Today I want to talk about how much you should spend to acquire a customer.

This is a topic I've thought deeply about for the last 15 yrs. It's such a complex topic, because there are so many unknowns and moving parts.

Let's dive in:
1) At a high level, conceptually, business is "easy". You want to acquire customers for less than their value to you. Right?

The prob is that when you first start, you don't actually know how much they are worth to you. On the cost side, that will vary widely based on channel
2) In this thread, I want to just focus on CAC (cost to acquire customers). Let's not talk about lifetime value etc.

First, there are a LOT of great blogs that you should read on cust acq - esp SaaS cust acq:

-SaaStr.com
-Forentrepreneurs.com
-christophjanz.blogspot.com

& more
3) A thing I've struggled w/ is many posts assume you already know something about the cost and value of your customer. But in the beginning you don't.

So what do you do if you are in this boat?
4) If you have very little capital (< $250k to work with), I would be very conservative on payback period.

For ex, if I am selling a widget for $50 (after COGs), then conservatively, I should assume a customer will buy 1. And I should spend < $50 to get him/her.
5) Even for a SaaS product - say it's now $50/mo - I would still try to acquire that customer for < $50. This seems almost overly conservative, but at this time t = 0, you don't know if you even have retention. And remember, we don't have a lot of cash to work with.
6) Later on, as we get more data around retention / addl purchases & upsells, we can start to increase how much we spend to acq a customer. But for right now, at t = 0, we don't know any of this.
7) You might say, "This is ridiculous! I won't be acq anyone at scale on immediate payback." And for many products, that's true!

But if you are building a capital efficient co, this is the characteristic most of them have. And in this mkt, where it's hard to raise, this is impt
8) Now let's segment channels a bit. The best marketers segment CAC by channel. Don't blend organic (free) customers w/ paid. Separate by channel.

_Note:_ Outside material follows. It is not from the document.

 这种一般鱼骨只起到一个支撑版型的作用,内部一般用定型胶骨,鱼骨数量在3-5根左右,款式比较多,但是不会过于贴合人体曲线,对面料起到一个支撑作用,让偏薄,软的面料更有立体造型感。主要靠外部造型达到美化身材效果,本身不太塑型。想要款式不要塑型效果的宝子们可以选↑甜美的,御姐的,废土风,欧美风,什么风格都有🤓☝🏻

Why? If you want to scale up your paid, you need to know the true cost of paid.
9) A lot of VCs hate paid acq, but the real reason is that most products are not able to get immediate payback on paid channels.

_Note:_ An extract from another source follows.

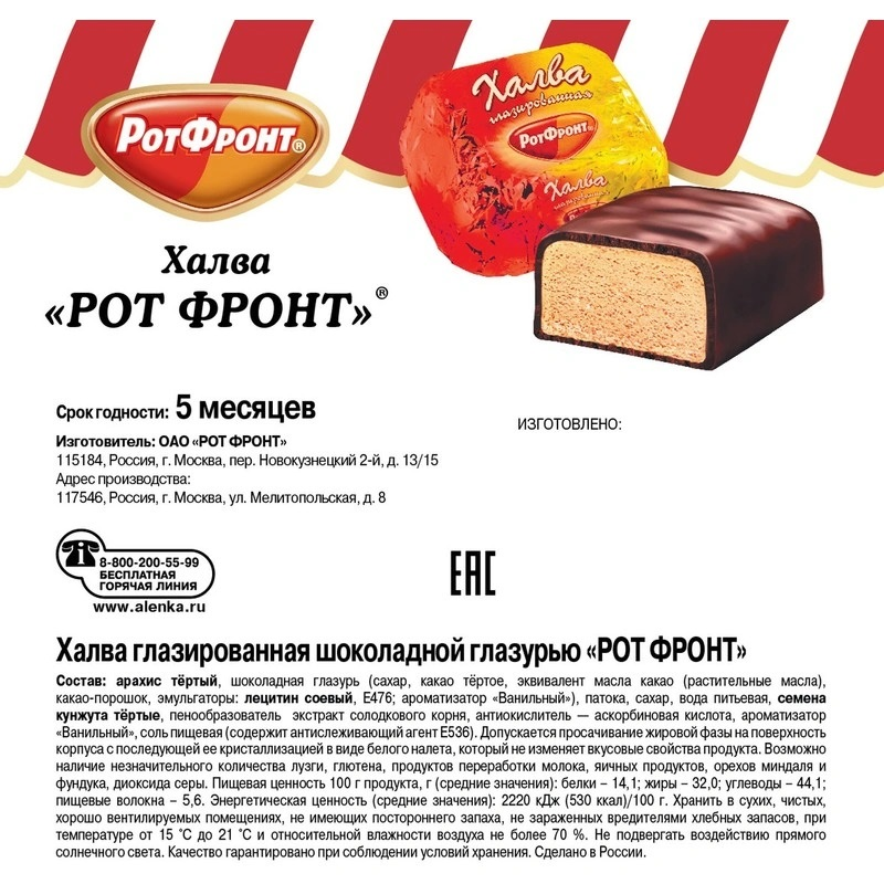Рот фронт Халва в шоколадной глазури, 1 кг отличается ярко-выраженным, интересным вкусом и приятным ароматом. Она покрыта глазурью из темного шоколада. Лакомство обладает слоистой структурой, которая слегка хрустит на зубах, раскрывая всю сладость. Отлично сочетается с разными горячими напитками: чаем, кофе или какао. Станет хорошим дополнением как к праздничному, так и обеденному столу. Может понравиться как взрослым, так и детям. Поставляется в фольгированной упаковке с привлекательным дизайном.

If you have that, then that is magical, and you should definitely keep pouring $ into paid until those conditions change.
10) Now, eventually if you are pouring so much $ into paid, you will see your CAC increase and the payback period will go beyond 1st purchase. But hopefully at that point you have more data about retention / increased purchases & upsells to decide whether paid will cont to work
11) Now, let's say paid mktg is profitable, but now it takes 3 mo to get to payback & you don't have cash on hand.

This is where rev based financing can help in mkts like now where VCs are more conservative. You can get a line of credit now just based on your #s & keep going.
12) If your paid mktg stops being profitable, then you need to keep a close eye on that and cut back & try new channels.

The unspoken thing about mktg is that mktg channel arbitrage opportunities are a bit cyclical.
13) For ex, sometimes everyone is using FB ads, and then your CAC goes sky high. At other times, mkters have pulled back, and FB ads are great again.

Mktg channels are like stock market arb opps. Demand for different channels affects pricing, and demand is always changing.
14) So the best mkters know that it's worth revisiting channels that stopped working from time to time.

In these mkts, I've heard from a # of portfolio cos that their CAC has gone down in paid channels. My guess is that lots of companies are pulling back on spend.
15) So, if you have profitable spend with quick payback periods (1-2 months), this is your time to lean into that mkt opportunity.
16) The other consideration is that when I talk about paid mktg, ppl immediately think about ads. Ads is certainly a big category of cust acq channels.

But MOST channels are paid. If you hire writers to help w/ SEO, that should be considered PAID - there is a cost.
17) You can figure out that cost -> how much do you pay those ppl & what rev does it yield?

If it's you doing the work as an unpaid founder, you need to use market rates (i.e. what you'd pay someone else) to compute this paid acq #. It's NOT FREE.
18) The only truly "free" marketing is uncontrolled word-of-mouth and unattributable referral sources. This could contribute as much as 50%+ of your traffic. And you just don't know where these ppl come from. But to repeat: don't blend this "free" in with your paid.
19) tl;dr

Ideal mktg:
a) Segment your mktg channels
b) Compute TRUE acq cost by segment
c) Scale up 1-2 channels that yield immediate payback on first sale
d) As you get more data on retention, extending payback period is ok
e) Channels will get saturated but revisit later.